Suicide: Men

(asked on 27th November 2025) - View Source

Question to the Department of Health and Social Care:

To ask the Secretary of State for Health and Social Care, what steps he is taking to expand early intervention and targeted mental health support for men at risk of suicide in West Dorset.


Answered by
Zubir Ahmed Portrait
Zubir Ahmed
Parliamentary Under-Secretary (Department of Health and Social Care)
This question was answered on 3rd December 2025

The 10-Year Health Plan sets out ambitious plans to boost mental health support across the country, including in rural constituencies such as West Dorset. This includes transforming mental health services into 24/7 neighbourhood mental health centres, improving assertive outreach, expanding talking therapies, and giving patients better access to 24/7 support directly through the NHS App.

We are expanding NHS Talking Therapies so that 915,000 people, including men, complete a course of treatment by March 2029, with improved effectiveness and quality of services. We will also expand individual placement and support for severe mental illness so that 73,500 people receive access by March 2028.

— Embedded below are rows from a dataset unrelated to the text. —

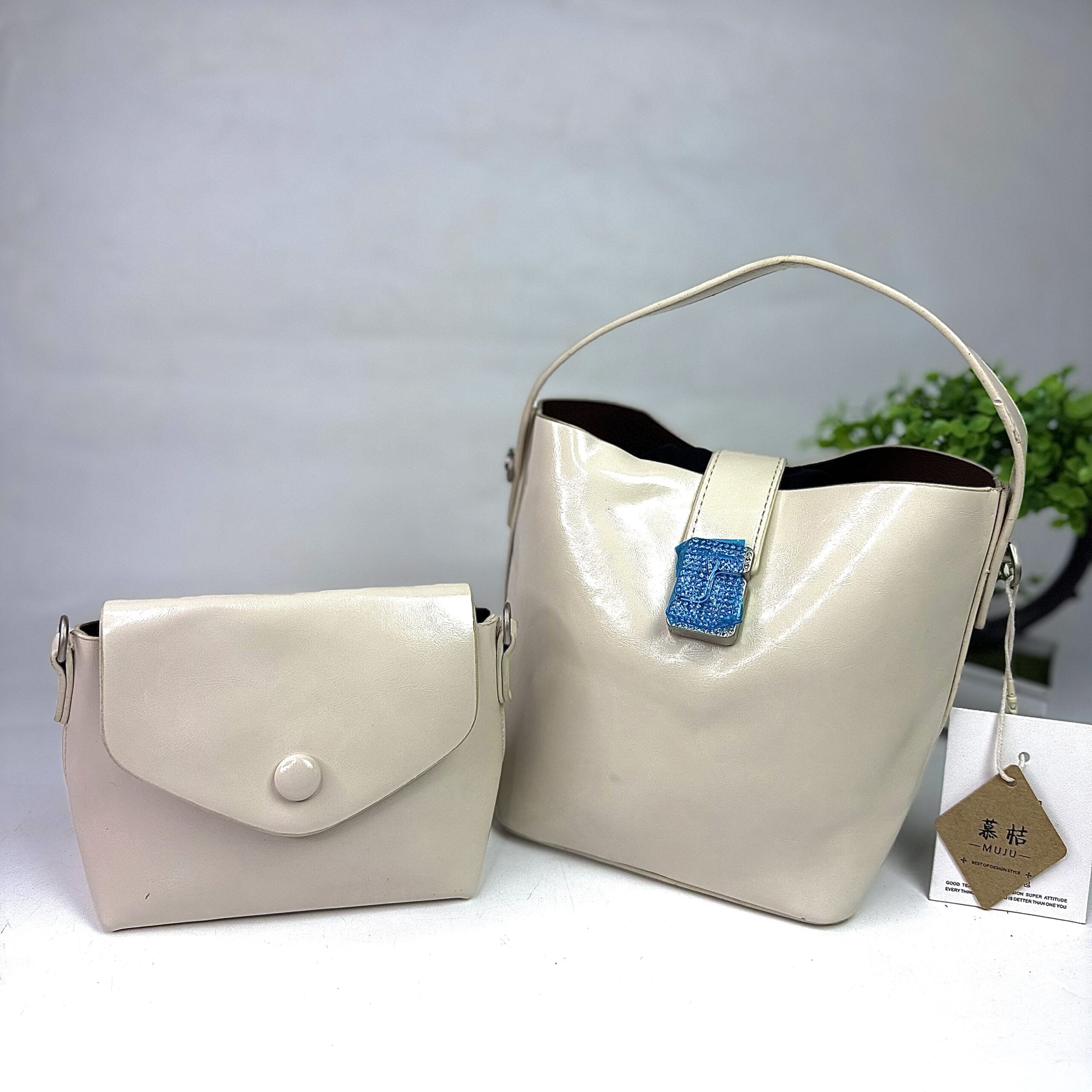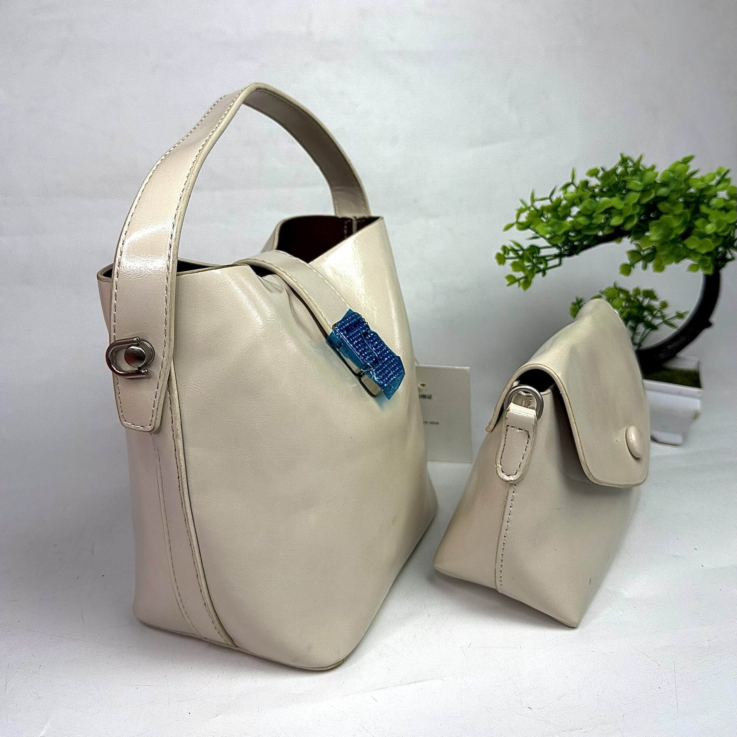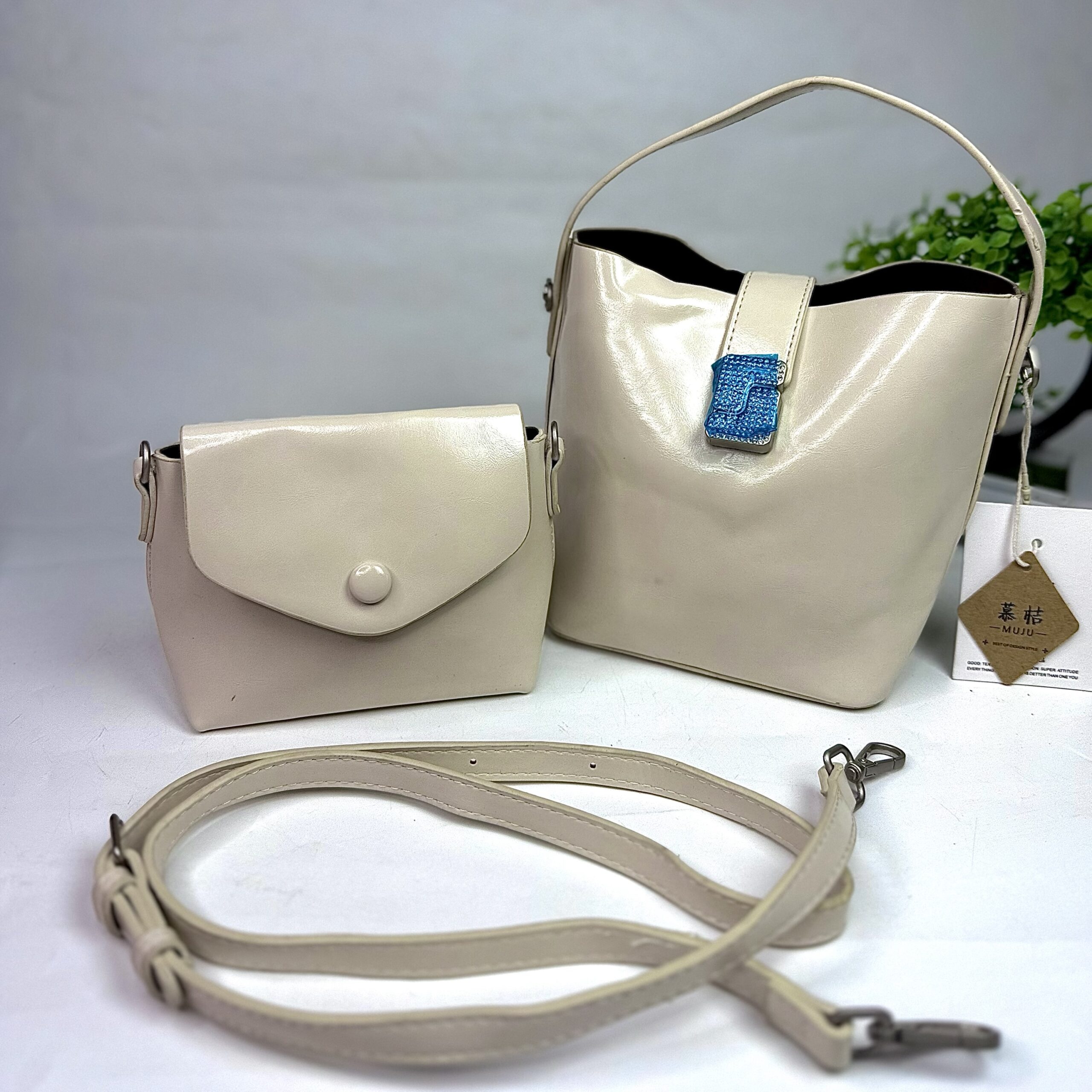This beige handbag is a bucket-style shoulder bag featuring a distinctive silver gemstone-embellished strap closure. It is a 2-in-1 set accompanied by a smaller matching crossbody bag or pouch.
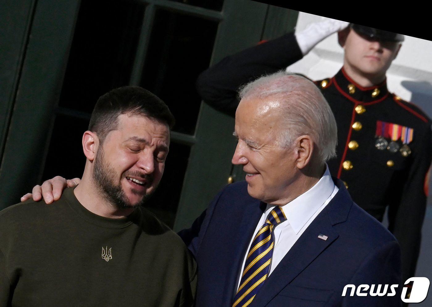 조 바이든 미국 대통령이 지난달 21일(현지시간) 워싱턴 백악관에서 볼로디미르 젤렌스키 우크라이나 대통령과 만나 환영하던 모습. ⓒ AFP=뉴스1 ⓒ News1 우동명 기자
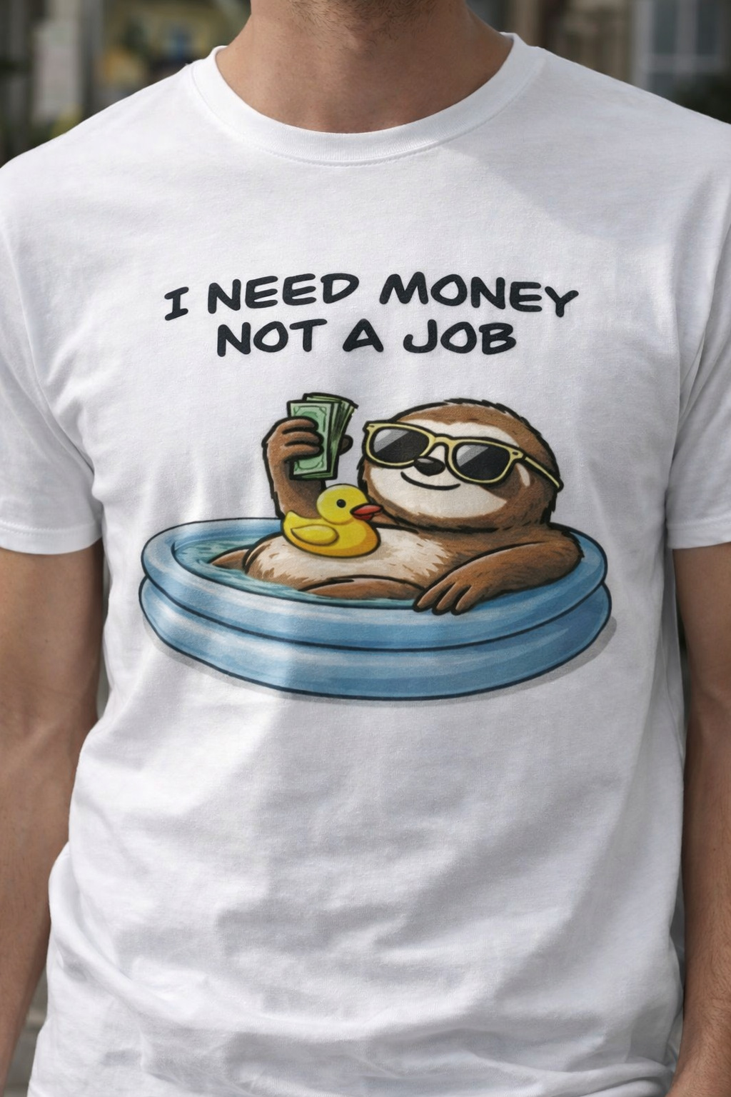 “Benim paraya ihtiyacım var işe değil!” baskılı T-shirt
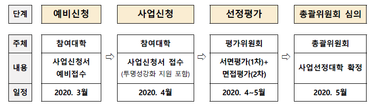 교육부는 추후 2020년 고교교육 기여대학 지원 사업의 구체적인 내용과 선정평가 일정을 대학에 안내할 예정이다.
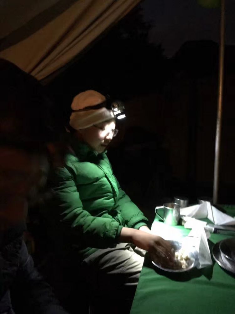 儿子累得躺在帐篷里,随后大吐起来。好在用塑料袋及时接住了。儿子没有任何胃口,勉强喝了些水,不吃晚饭,就睡过去了。晚饭时分,只有一半的团员出现,在场的多数都没有什么胃口。满桌子丰盛的晚餐,我只喝了点汤,浑身说不出来的难受。大家都无话,迅速进入帐篷。夜里儿子大吐了三次,连胆汁都吐出来了。半夜里清理干净儿子和睡袋,虽然很累,也无法入睡。因为一睡着,就会因为缺氧而闷醒。当时不知道这是高山反应,只以为自己是失眠。这是非常辛苦的一天。
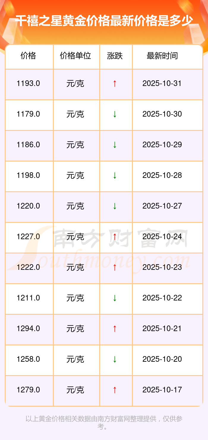 今日黃金價格具體是多少?現(xiàn)在一克黃金賣多少錢?黃金價格一般是多少錢一克?今日千禧之星黃金價格最新查詢:1193.0元/克。
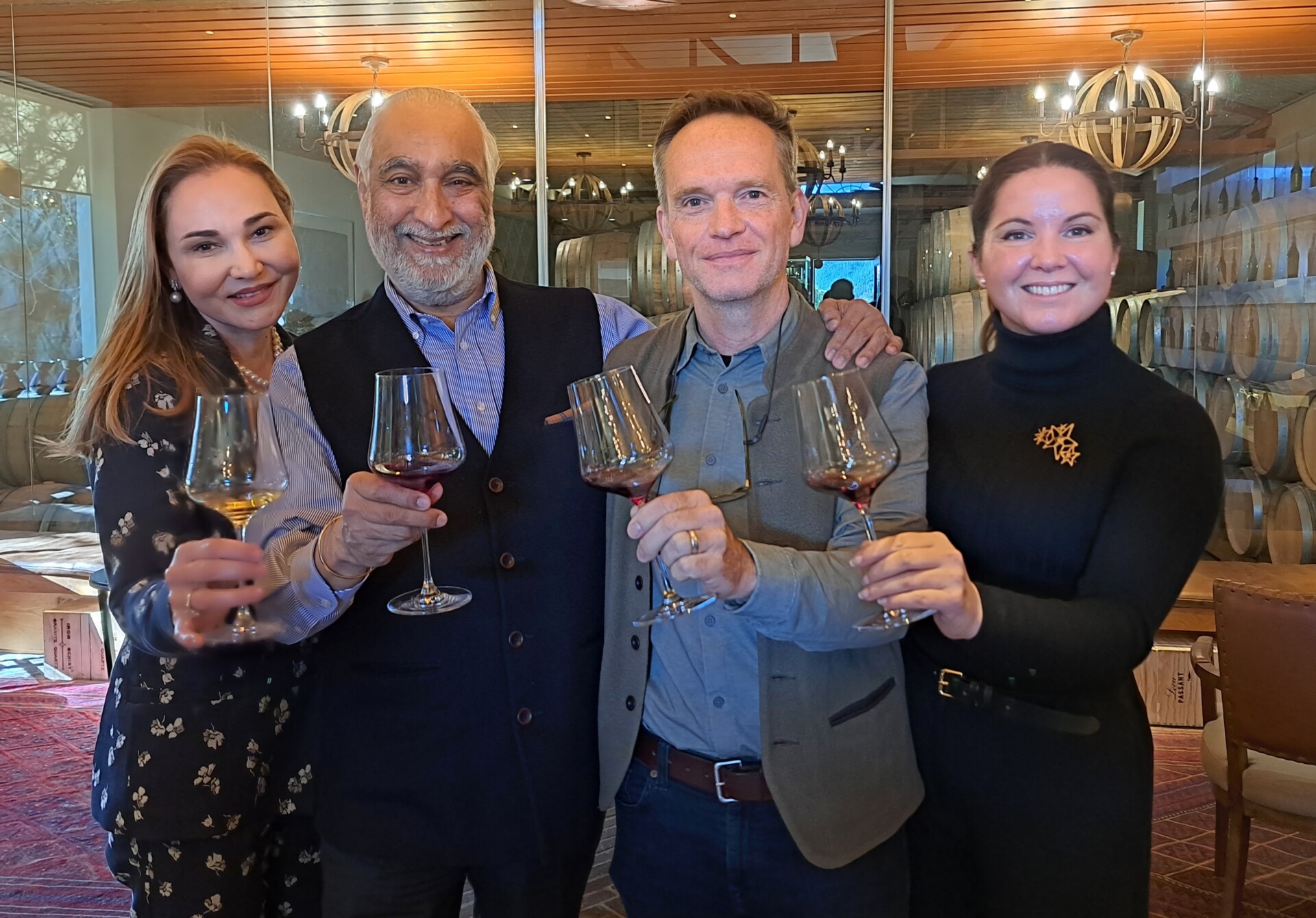 - Nicolette Waterford, Bas Singh, Chris en Andrea Mullineux klink ‘n glasie op die tiende oes wat pas agter die rug is en die vrystelling van die nuwe oesjare.

The Suicide Prevention Strategy for England, published in 2023, identifies middle aged men as a priority group for targeted and tailored support at a national level. The strategy also identifies key risk factors for suicide, providing an opportunity for effective early intervention. One of the key visions of the strategy is to reduce the stigma surrounding suicide and mental health, so that people feel able to seek help through the routes that work best for them. This includes raising awareness that no suicide is inevitable.

On 19 November, to coincide with International Men’s Health Day, we published the Men’s Health Strategy. The strategy includes tangible actions to improve access to healthcare, provide the right support to enable men to make healthier choices, develop healthy living and working conditions, foster strong social, community and family networks, and address societal norms. It also considers how to prevent and tackle the biggest health problems affecting men of all ages, which include mental health and suicide prevention, respiratory illness, prostate cancer, and heart disease.

Through the Men’s Health Strategy, we are launching a groundbreaking partnership with the Premier League to tackle male suicide and improve mental health literacy, by embedding health messaging into the matchday experience.

We also announced the Suicide Prevention Support Pathfinders programme for middle-aged men. This program will invest up to £3.6 million over three years in areas of England where middle-aged men are at most risk of taking their own lives and will tackle the barriers that they face in seeking support.